Questo progresso ha acceso il dibattito nel settore. Alcuni, come Litt, immaginano un futuro in cui gli strumenti di intelligenza artificiale miglioreranno la produttività dei matematici umani. Propone che anche in uno scenario ipotetico in cui le IA generino tutte le possibili dimostrazioni, i matematici prospererebbero comunque esplorando e comprendendo questo vasto panorama. Tuttavia, gli attuali sistemi di intelligenza artificiale sono inaffidabili e spesso commettono errori sottili difficili da rilevare.

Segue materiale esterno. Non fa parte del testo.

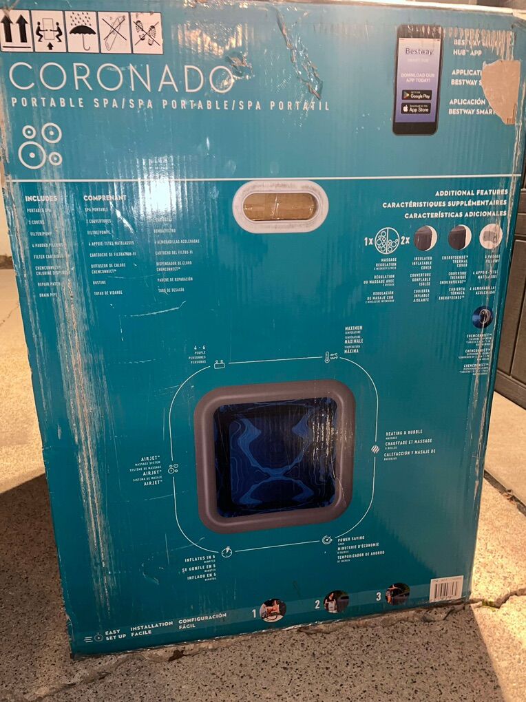 New Inflatable Spa / Hot Tub With Cover Fits 4-6 people Bestway Coronado

La sfida della verifica e della fiducia
La difficoltà nel verificare le prove generate dall’intelligenza artificiale è un ostacolo significativo. Mohammed Abouzaid, un matematico di Stanford coinvolto nella Prima Dimostrazione, sottolinea che gli errori sono spesso nascosti nei calcoli complessi, rendendoli quasi indistinguibili dagli errori umani. I modelli non sono “onesti”, spesso presentano affermazioni esagerate o nascondono errori critici.
Per risolvere questo problema, il team di First Proof assumerà revisori anonimi per il secondo turno, finanziati da sovvenzioni e donazioni da parte di aziende di intelligenza artificiale. Ciò è in risposta a un evidente divario tra gli sforzi dell’IA pubblica e quella proprietaria: quest’ultima ha risolto più problemi nella prima fase, probabilmente grazie a modelli migliorati o all’assistenza umana non divulgata.
Il futuro della matematica: adattamento o obsolescenza?
La situazione attuale richiede un adattamento. Le istituzioni e la professione devono prepararsi per un futuro in cui gli LLM inondano il campo con prove potenzialmente imperfette. La mancanza di trasparenza nei sistemi di IA proprietari solleva preoccupazioni sulla democratizzazione; se solo aziende selezionate avessero accesso a modelli superiori, il settore potrebbe diventare più esclusivo, e non meno.
Il secondo round di First Proof è progettato per risolvere questi problemi. Richiedendo l’accesso diretto ai modelli, il team mira a garantire test equi. Resta incerto se OpenAI, Google e altre società di intelligenza artificiale si adegueranno.
In definitiva, comprendere le reali capacità dell’intelligenza artificiale è fondamentale per guidare i futuri matematici. Come afferma Abouzaid, “Una delle nostre motivazioni principali è assicurarci di poter dire ai giovani come ci aspettiamo che sarà il settore tra pochi anni”. La rapida evoluzione dell’intelligenza artificiale in matematica richiede un’attenta valutazione, trasparenza e adattamento proattivo per garantire il continuo progresso del campo.